One does not
usually consider the evil, demonic, and twisted qualities of something as pure as
dance.
Charles
Dickens, however, uses this to his advantage. In A Tale of Two Cities, during chapter five of book three, The Wood Sawyer, readers are treated to
a curious metaphor. During this
chapter, Lucie stands outside the prison wall—a position of which Darnay can
see her but she cannot see him—and is constantly bothered and disturbed by a
man previously known as the mender of roads, and now the wood-sawyer.
However,
despite its namesake, the part of this chapter that I believe stood out the
most was not the mysteriously unnamed character, but Dicken’s description of
the Carmagnole, or dance of the revolution. We first witness the dance when
Lucie is once again waiting by the prison, and is “filled with fear” when the
dance approaches her.
The
paragraph describing the dance is long, but a passage of it reads:
“There could not have been fewer than
five hundred people, and they were dancing like five thousand demons…No fight
could have been half so terrible as this dance. It was so emphatically a fallen
sport—a something once innocent delivered over to all devilry—a healthy pastime
changed into a means of angering the blood, bewildering the senses, and
steeling the heart. Such grace as was visible in it, made it the uglier,
showing how warped and perverted all things good by nature were become”(288-289).
The
Carmagnole is a perfect metaphor of the revolution itself. The revolution,
which started off with motives so pure and simple that it can only be compared to dance, has
distorted into something disgusting; something so frightening that it entrances
Lucie with fear at its mere passing. The war, at this point in the book,
carries barely a shadow of the original purposes it served--instead of being
driven by justice and a thirst for equality; it is now surrounded by
meaningless violence, distrust, and greed.
Five hundred
dancing demons. 25 million real demons.
While it is
described as graceful, the dance shows “how warped and perverted all things
good by nature were become.” This directly correlates France at this time. The
revolutionists, while killing hundreds of people every day, believe that their
murder is not only justified, but in fact bettering the country and its people.
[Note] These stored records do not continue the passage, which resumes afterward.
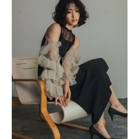 合わせるワンピースはシンプルなデザインに抑えて、ボリュームスリーブがより際立つバランスに。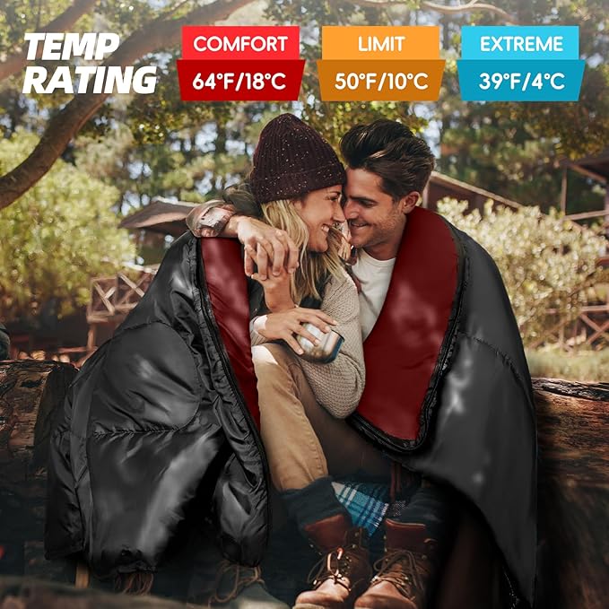 - IDEAL FOR COLD WEATHER: Our double sleeping bags are designed to give you a good night's sleep. Temperature rated from 39°F to 64°F (optimal comfort temperature is 64°F). Perfect for warm and cool weather in 4 seasons and cozy in any position. Really versatile warm sleeping bag for the outdoors and indoors.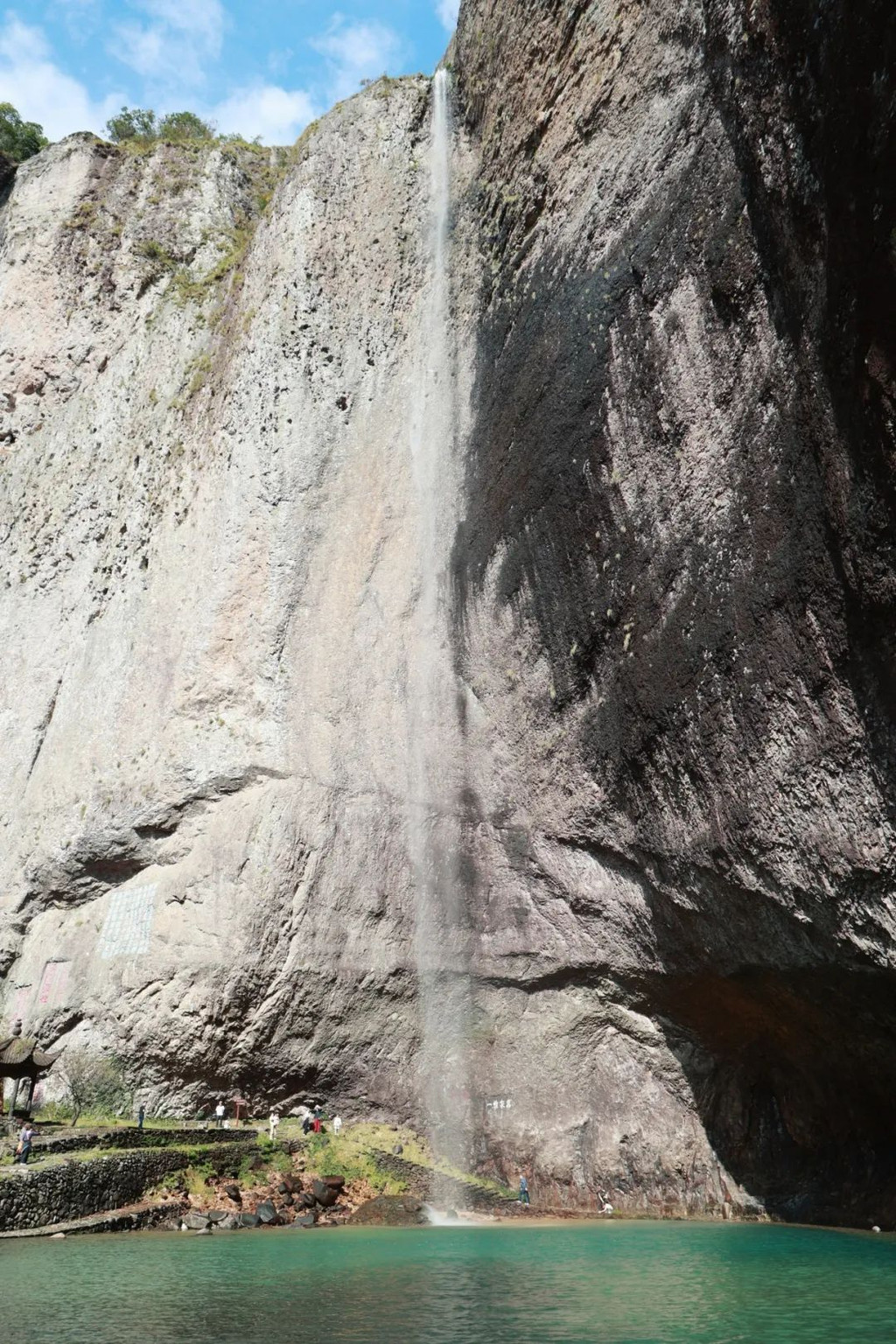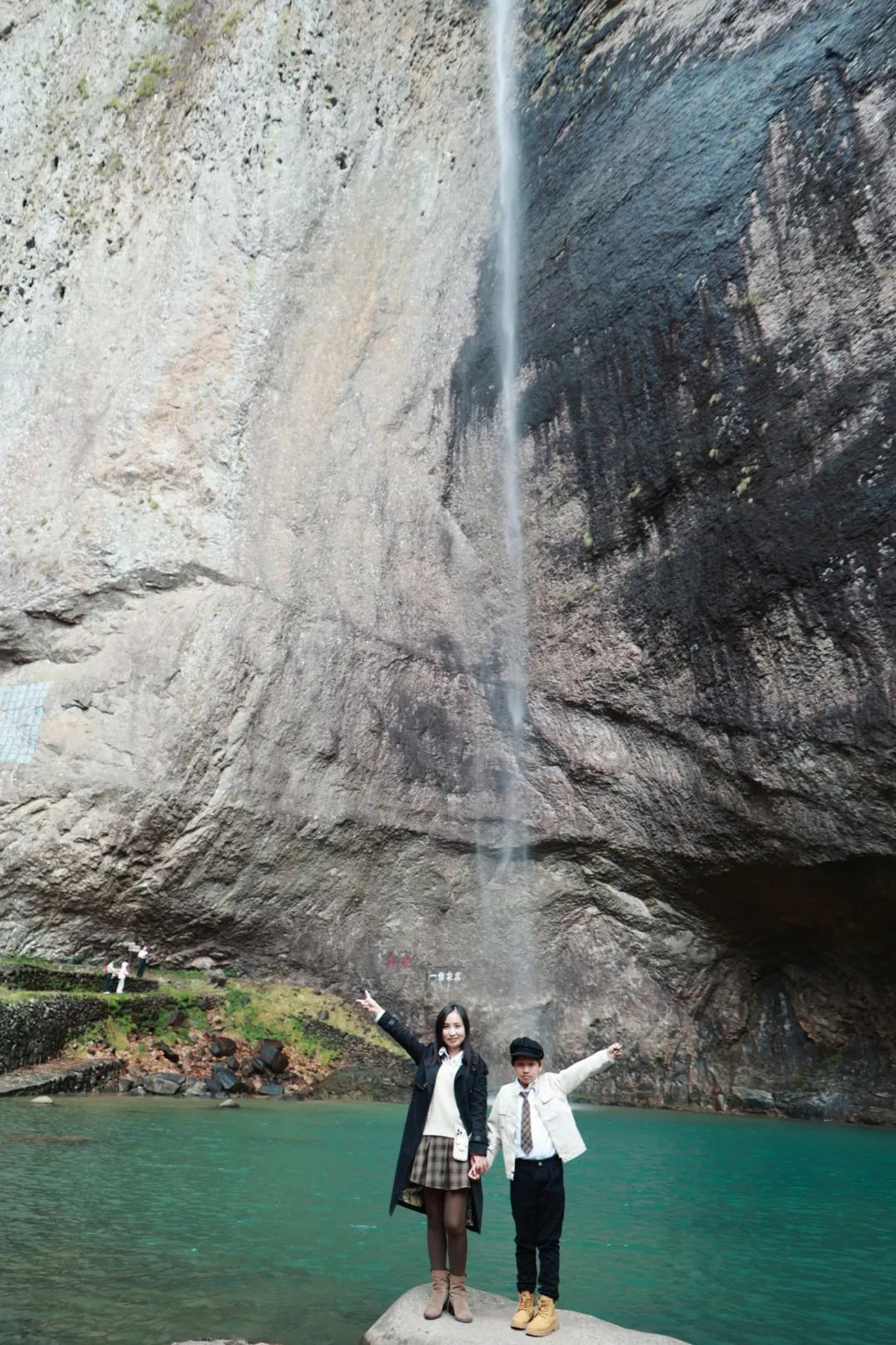 一到大龙湫,只见瀑布从近200米的悬崖上飞泻而下,眼下正值秋冬,水量少,据说丰水期的时候飞瀑直下,气势磅礴。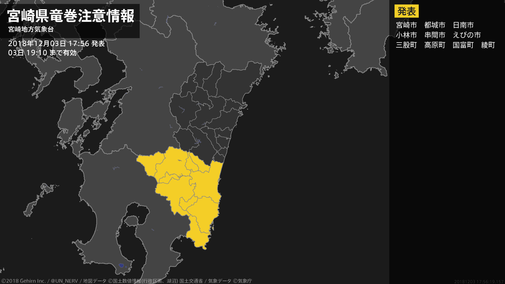 【宮崎県 気象警報(解除) 2018年12月03日 23:58】宮崎県に発表されていた気象警報はすべて解除されました。#気象警報 #宮崎県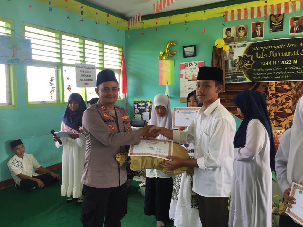 Bengkulu, Siberindo.co – Kapolsek Lebong Atas Polres Lebong Polda Bengkulu, Iptu Ali Khan, mengikuti kegiatan peringatan Isra Mikraj di SMP 02 Lebong, Jumat (24/2/2023) pagi.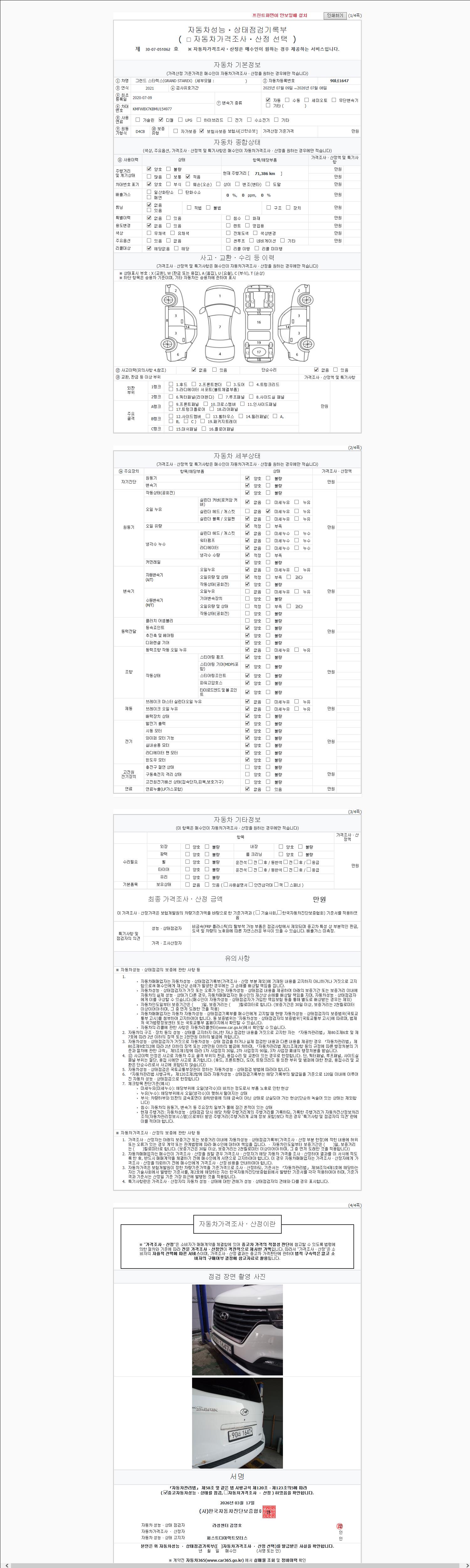 -중고자동차 매매업자를 통해 차량을 구입하실 경우 반드시 "중고자동차 성능, 상태점검 기록부"를 교뷰 받으셔야 하며, 매매업자는 반드시 의무 교부 하여야 압니다.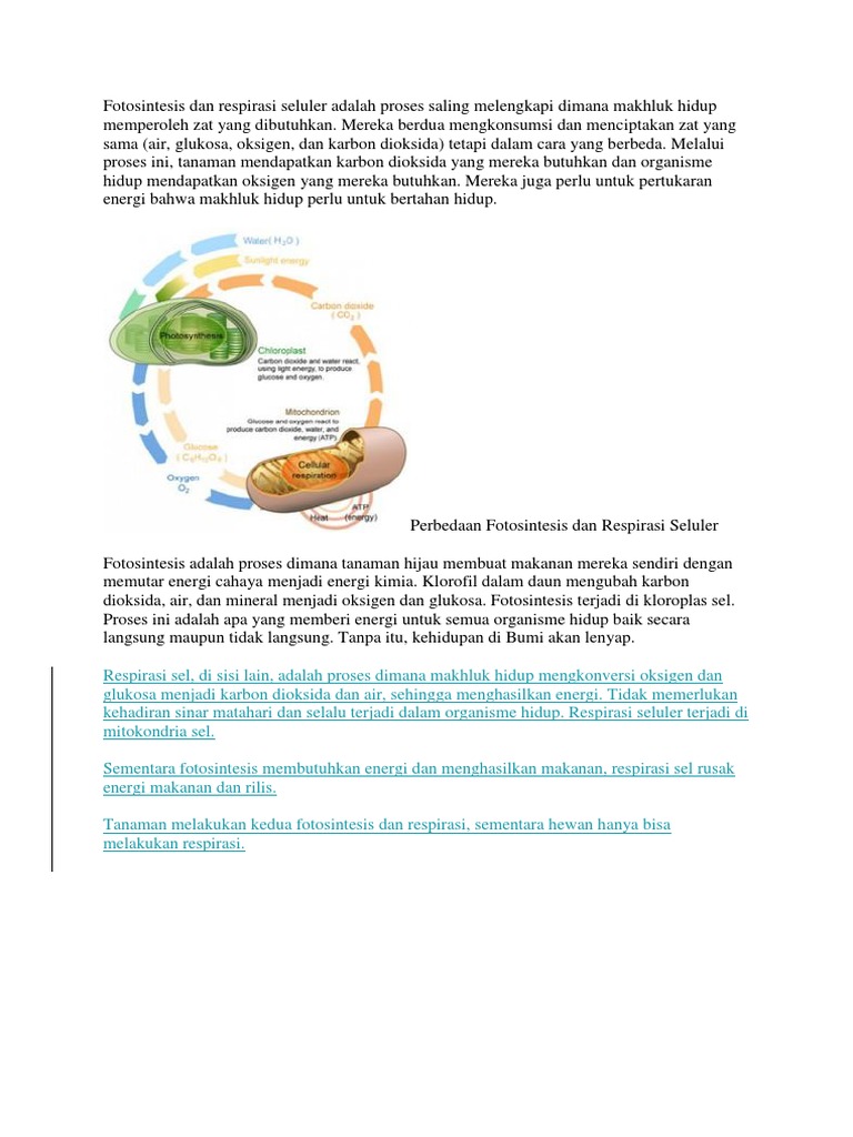Pendahuluan salah satu ciri hidup yang hanya dimiliki khusus oleh tumbuhan hijau adalah kemampuan dalam menggunakan zat karbon dari udara untuk diubah menjadi bahan organik serta diasimilasi dalam tubuh tumbuhan. Selama fenomena ini molekul mengalami oksidasi dan akseptor terakhir elektron dalam banyak kasus adalah molekul anorganik. Ikhtisar dan perbedaan utama 2. Respirasi sel adalah suatu proses yang menghasilkan energi dalam bentuk atp adenosin trifosfat.

The deadly grace of the war is the people’s minds—their “bewildered,” “warped,” and “perverted” minds.
An example
of their twisted heads comes through Dickens repeated us of the phrase “liberty,
equality, fraternity, or death.” When uttered, it is seen as a statement
proclaiming the wonders of France and the positive aspects of its people. They
have avenged their oppressive leaders. They have gained freedom. They have
saved countless lives.
However, as the Carmagnole is simply a ghost of a pastime filled with mirth and happiness, those words are simply vestiges of what once was true,
good intent. What once meant what it read, “liberty, equality, and fraternity”
are now used ironically and often spoken by extremely violent and power-hungry
people. Those who use that statement have
killed thousands of innocent people for not abiding by their definition of it. The revolutionists have essentially become
as evil as the aristocrats that caused them to rebel.
The motives
of the people of France have changed, and there is no changing back. Their
minds have shifted into twisted parodies of morals. I firmly believe that A Tale of Two Cities will continue to
get darker as we delve deeper into their contorted heads.